§ **Task directions**
No pictures in the copy, please: retype all the records exactly.

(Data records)
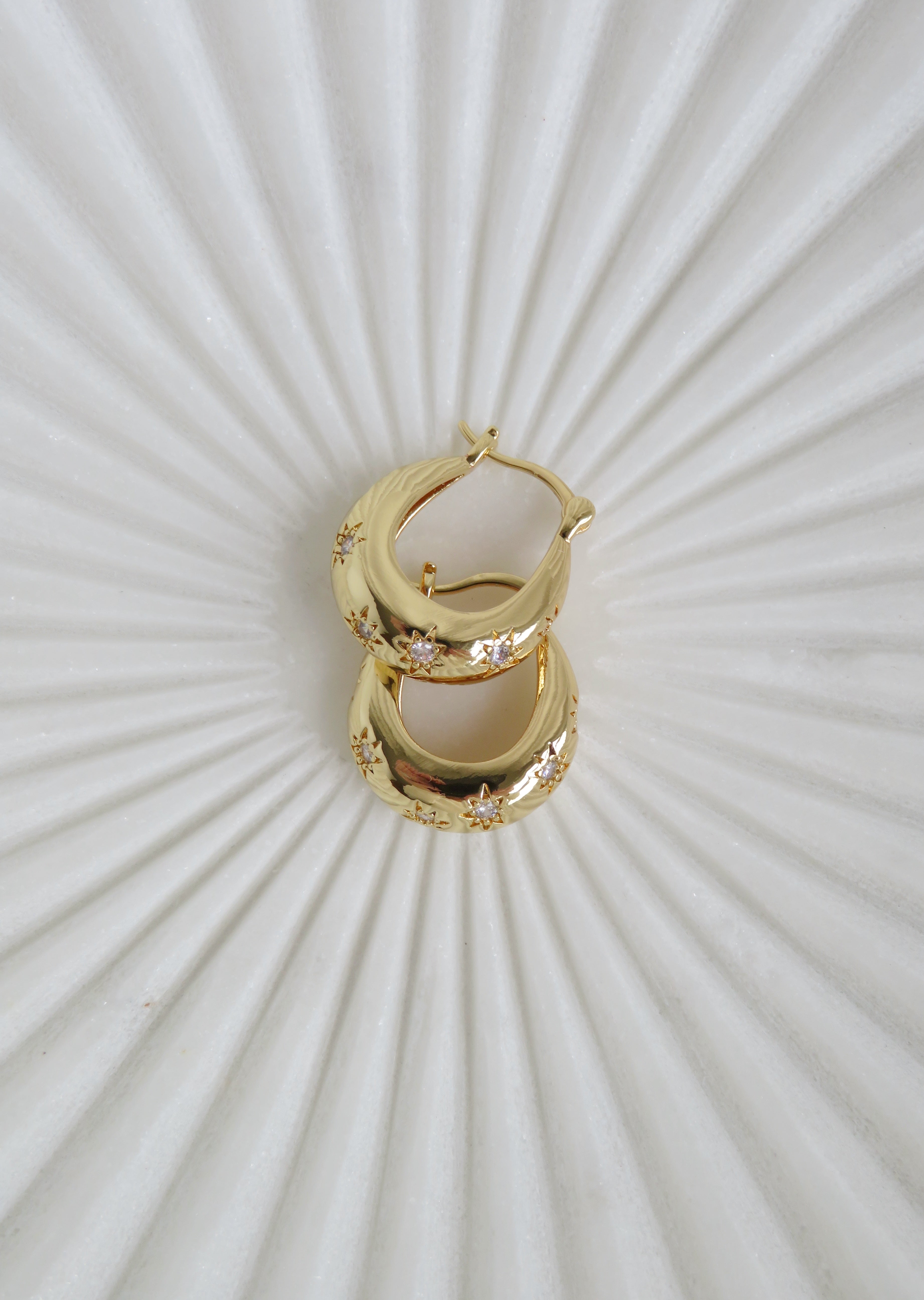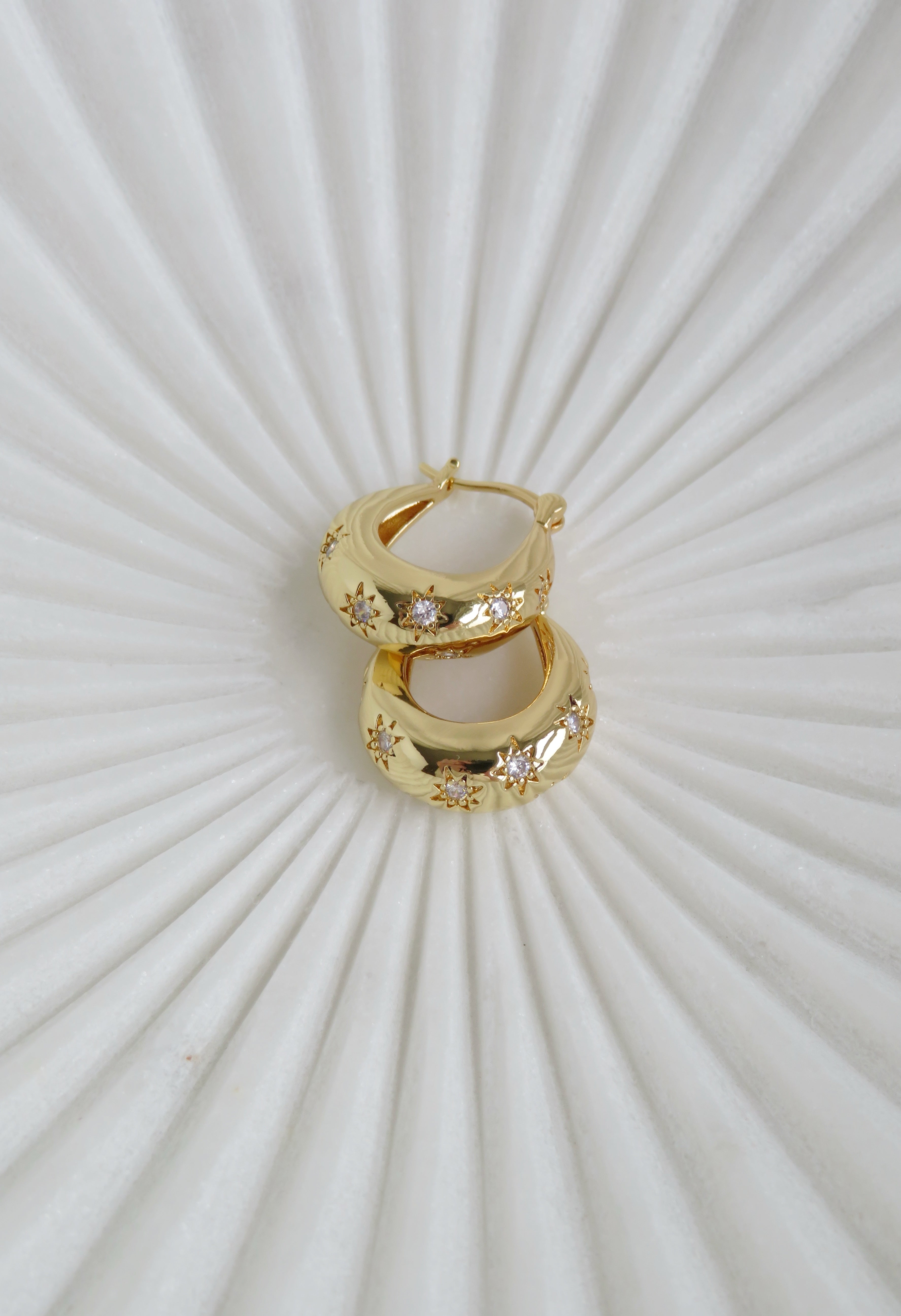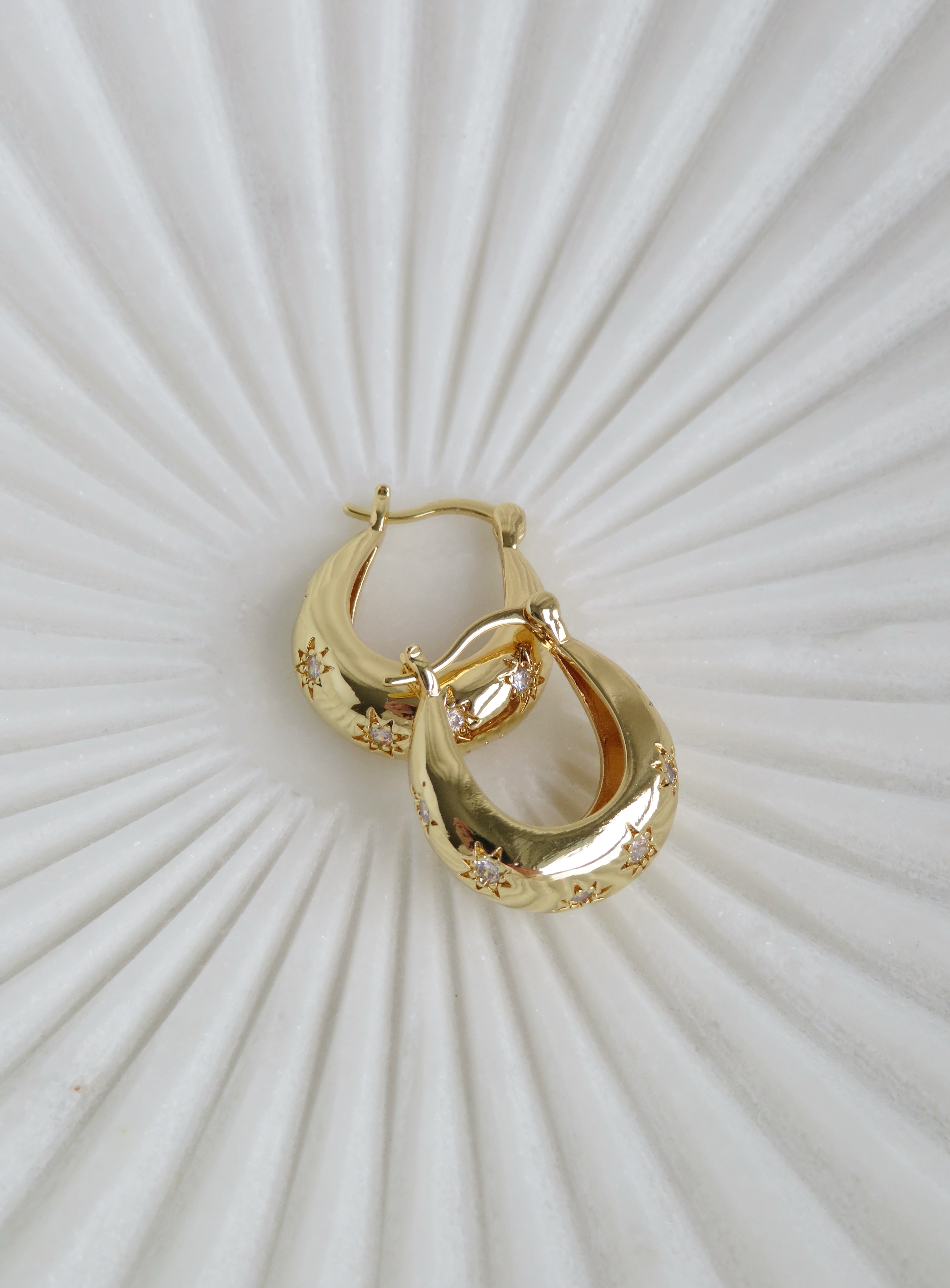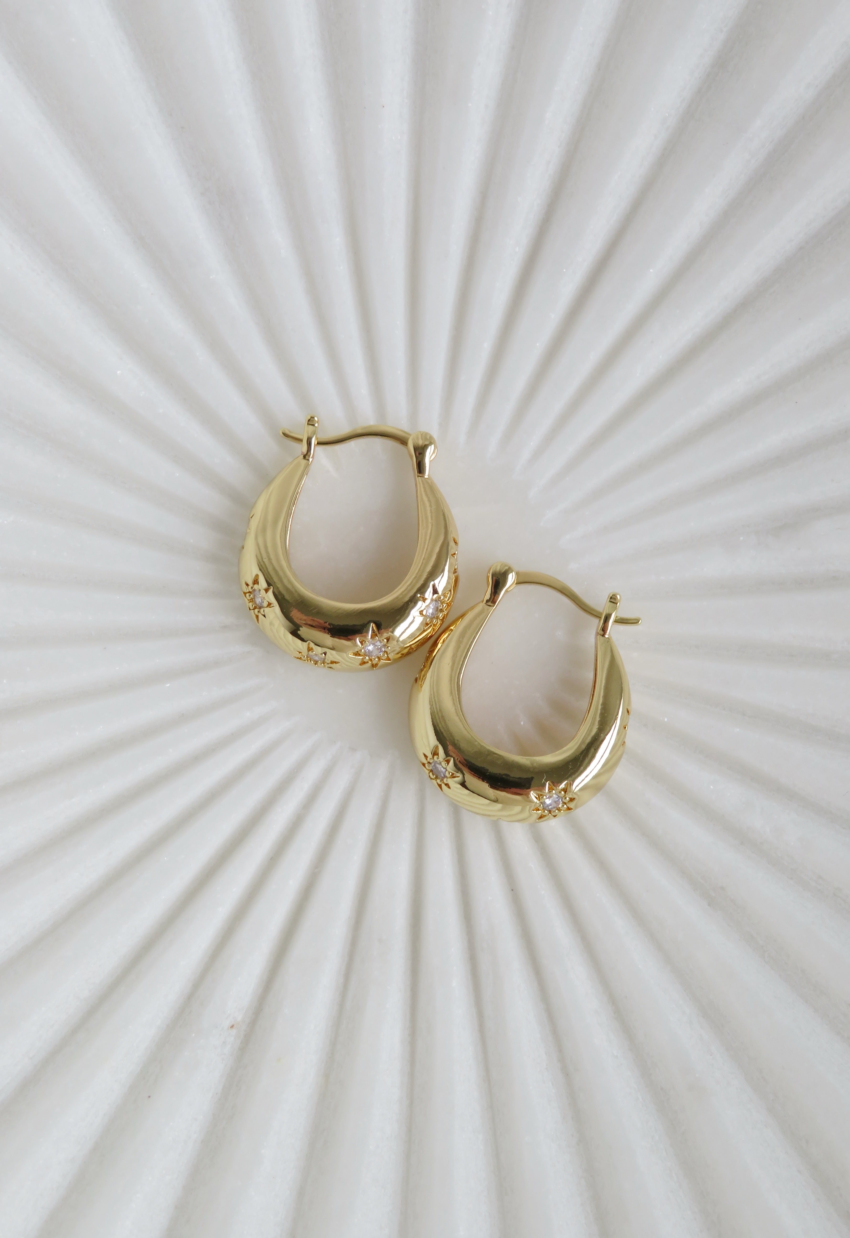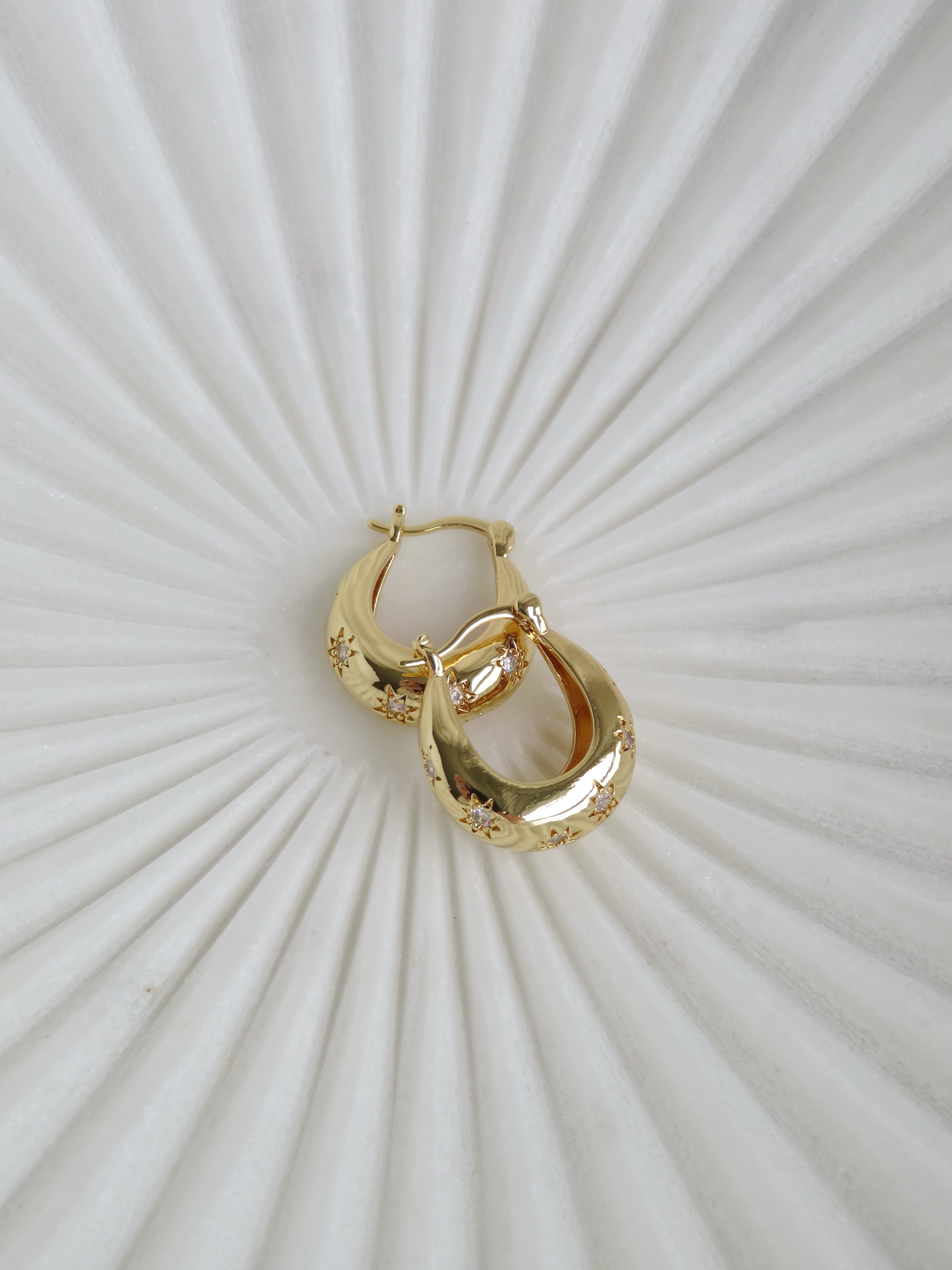 Celestial Oblong Shaped Diamond Domed Hoop Earrings.
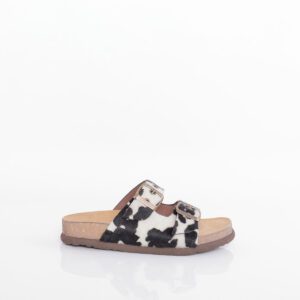 El Mule LOBI Black reinterpreta el clásico calzado plano con un diseño moderno y femenino. Confeccionado íntegramente en cuero vacuno, destaca por su detalle de nudo frontal, que aporta textura y sofisticación sin perder sencillez.
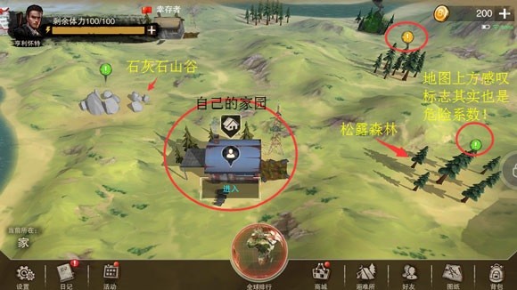 消耗体力(体力消耗其实就是离开家园去往其他物资地图所消耗的体力,你可以选择消耗一定体力快速到达,也可以选择步行,消耗时间到达,选择步行消耗时间可以离线来消耗,不需要一直挂着等)
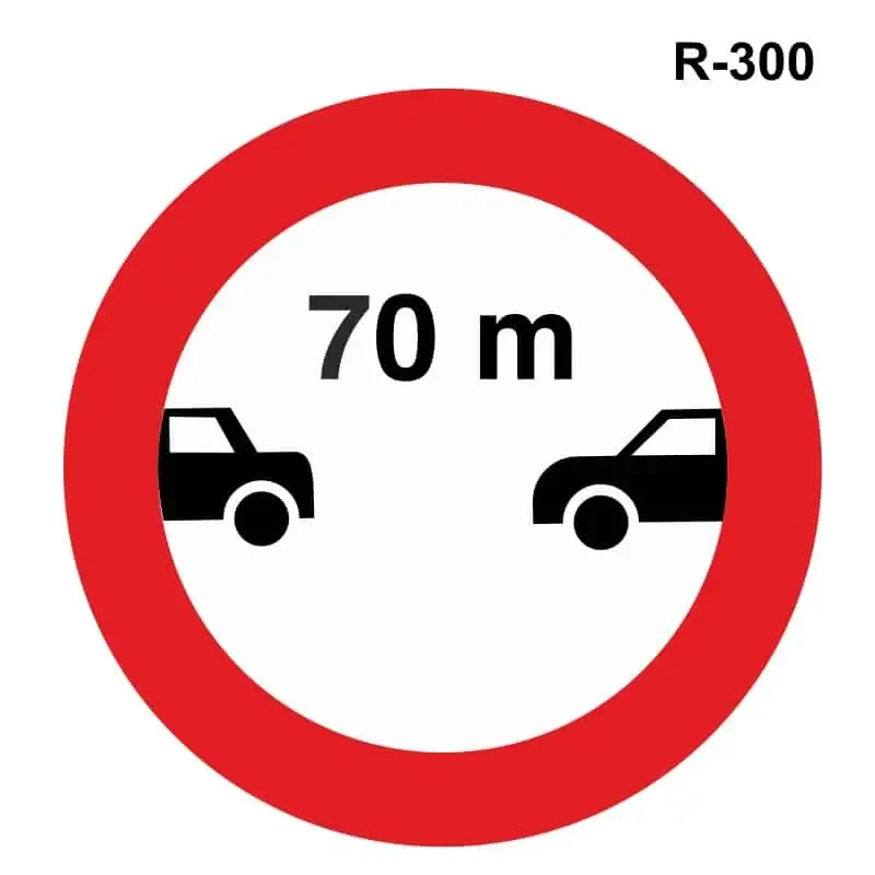 Esta señal nos informa de la prohibición de circular sin mantener con el vehículo precedente una separación igual o mayor a la indicada en la señal, excepto para adelantar. Si aparece sin la indicación en metros, hay que recordar que de forma genérica que debe guardarse la distancia de seguridad entre vehículos establecida reglamentariamente.
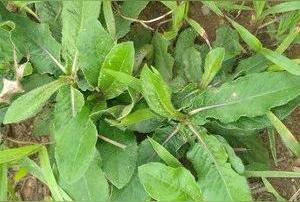 叶散生于茎上,基部叶在花期常常凋萎,下部叶长圆状倒卵形,叶梢尖,叶尾渐狭成有翅的柄,稍充腋坑抱茎,上部叶椭圆形或长圆状椭圆形,近无柄或有短柄,最上部叶极小,全部叶有小尖的锯齿,稀近全缘,叶面皱而有疣状突起,被疏或密的短柔毛,叶背被密长柔毛和腺点;因其叶形似牛舌头,海南人就叫它牛舌草。
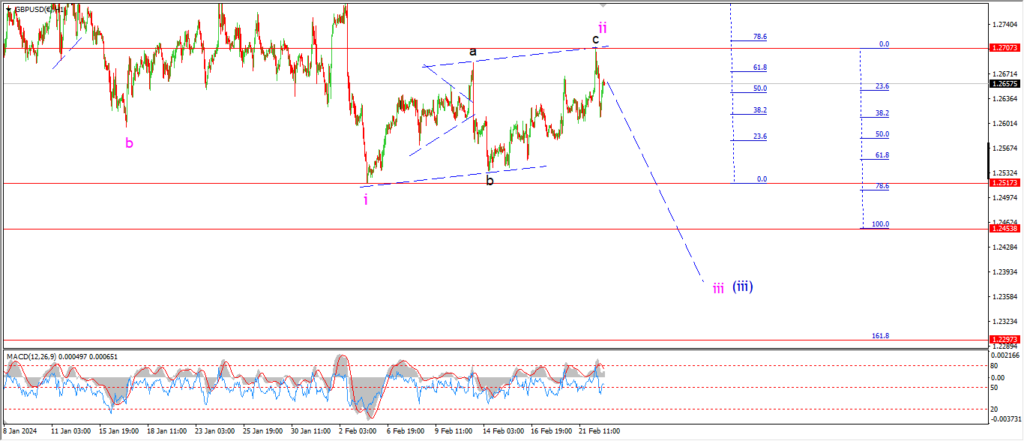 Wave ‘iii’ of (iii) should now take over and continue lower to break 1.2353 at a minimum.
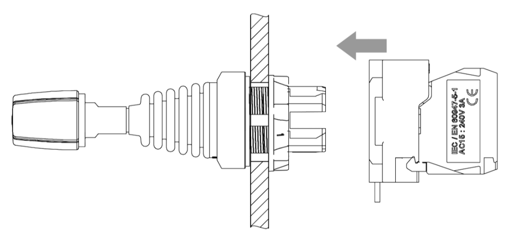 3. Установить джойстик в щит, закрутив гайку с обратной стороны щита.
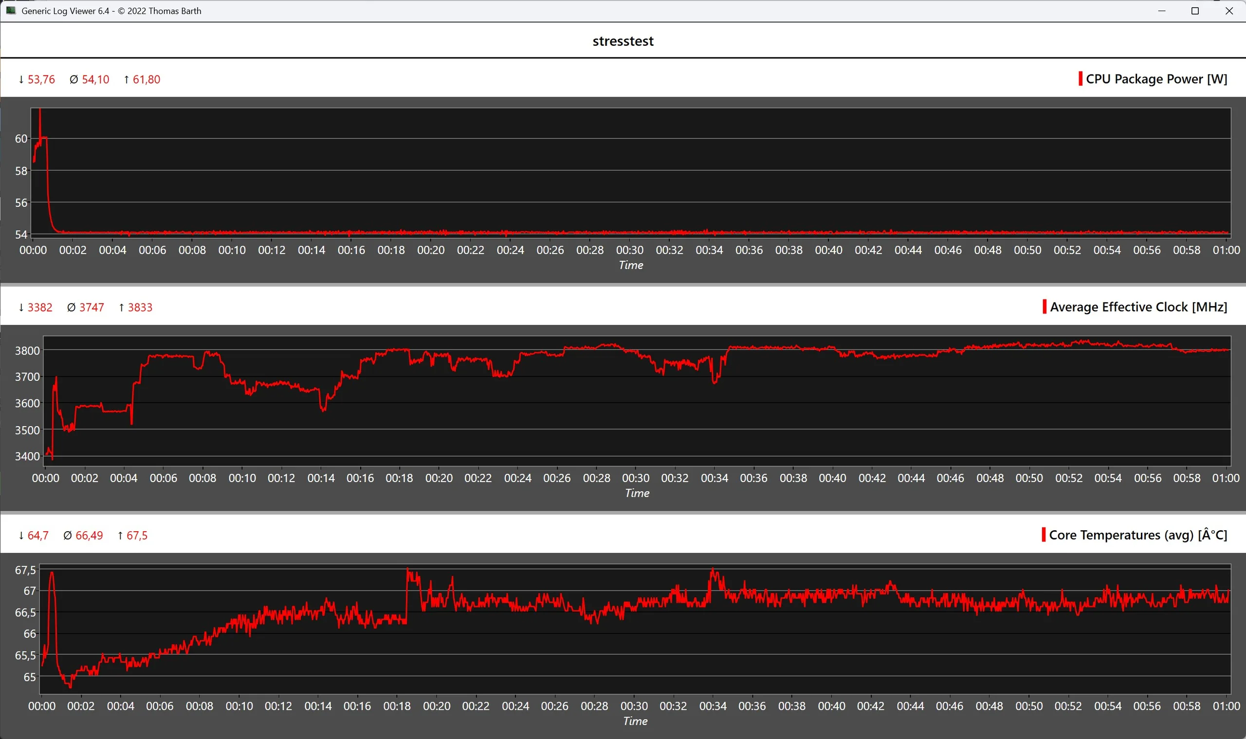 Dal punto di vista termico, il Minisforum AI X1 Pro è in condizioni eccellenti. Anche in condizioni di pieno carico prolungato, l'involucro si riscalda a meno di 40 °C, mentre il SoC rimane chiaramente nell'intervallo non critico, con un massimo di 67,5 °C.
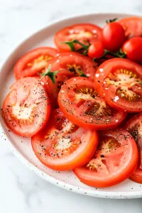 - Season LightlySprinkle a pinch of salt and pepper over the tomatoes so the flavor starts blooming.
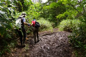 ●キャンプ場での幕営の受付時に燧山草のスタッフに登山道の状況を確認し、燧ヶ岳の登頂ルートは見晴新道からとなる。なお、見晴新道は岩が多く登山道の状況は良くなく、さらに急登の連続となったが、下山の長英新道は道の勾配が緩やかなものの、泥濘の連続が長く続き結果的にルートの選択は正解だったように思える。
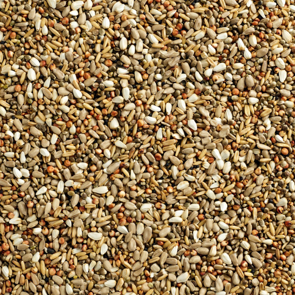 Composition Hampefrø 20% Afskallede solsikkefrø 20% Afskallede havre 20% Milo 15% Saflorfrø 15% Hirse 5% Sorte rapsfrø 5%

§ **Output below**
 Celestial Oblong Shaped Diamond Domed Hoop Earrings.
 El Mule LOBI Black reinterpreta el clásico calzado plano con un diseño moderno y femenino. Confeccionado íntegramente en cuero vacuno, destaca por su detalle de nudo frontal, que aporta textura y sofisticación sin perder sencillez.
 消耗体力(体力消耗其实就是离开家园去往其他物资地图所消耗的体力,你可以选择消耗一定体力快速到达,也可以选择步行,消耗时间到达,选择步行消耗时间可以离线来消耗,不需要一直挂着等)
 Esta señal nos informa de la prohibición de circular sin mantener con el vehículo precedente una separación igual o mayor a la indicada en la señal, excepto para adelantar. Si aparece sin la indicación en metros, hay que recordar que de forma genérica que debe guardarse la distancia de seguridad entre vehículos establecida reglamentariamente.
 叶散生于茎上,基部叶在花期常常凋萎,下部叶长圆状倒卵形,叶梢尖,叶尾渐狭成有翅的柄,稍充腋坑抱茎,上部叶椭圆形或长圆状椭圆形,近无柄或有短柄,最上部叶极小,全部叶有小尖的锯齿,稀近全缘,叶面皱而有疣状突起,被疏或密的短柔毛,叶背被密长柔毛和腺点;因其叶形似牛舌头,海南人就叫它牛舌草。
 Wave ‘iii’ of (iii) should now take over and continue lower to break 1.2353 at a minimum.
 3. Установить джойстик в щит, закрутив гайку с обратной стороны щита.
 Dal punto di vista termico, il Minisforum AI X1 Pro è in condizioni eccellenti. Anche in condizioni di pieno carico prolungato, l'involucro si riscalda a meno di 40 °C, mentre il SoC rimane chiaramente nell'intervallo non critico, con un massimo di 67,5 °C.
 - Season LightlySprinkle a pinch of salt and pepper over the tomatoes so the flavor starts blooming.
 ●キャンプ場での幕営の受付時に燧山草のスタッフに登山道の状況を確認し、燧ヶ岳の登頂ルートは見晴新道からとなる。なお、見晴新道は岩が多く登山道の状況は良くなく、さらに急登の連続となったが、下山の長英新道は道の勾配が緩やかなものの、泥濘の連続が長く続き結果的にルートの選択は正解だったように思える。
 Composition Hampefrø 20% Afskallede solsikkefrø 20% Afskallede havre 20% Milo 15% Saflorfrø 15% Hirse 5% Sorte rapsfrø 5%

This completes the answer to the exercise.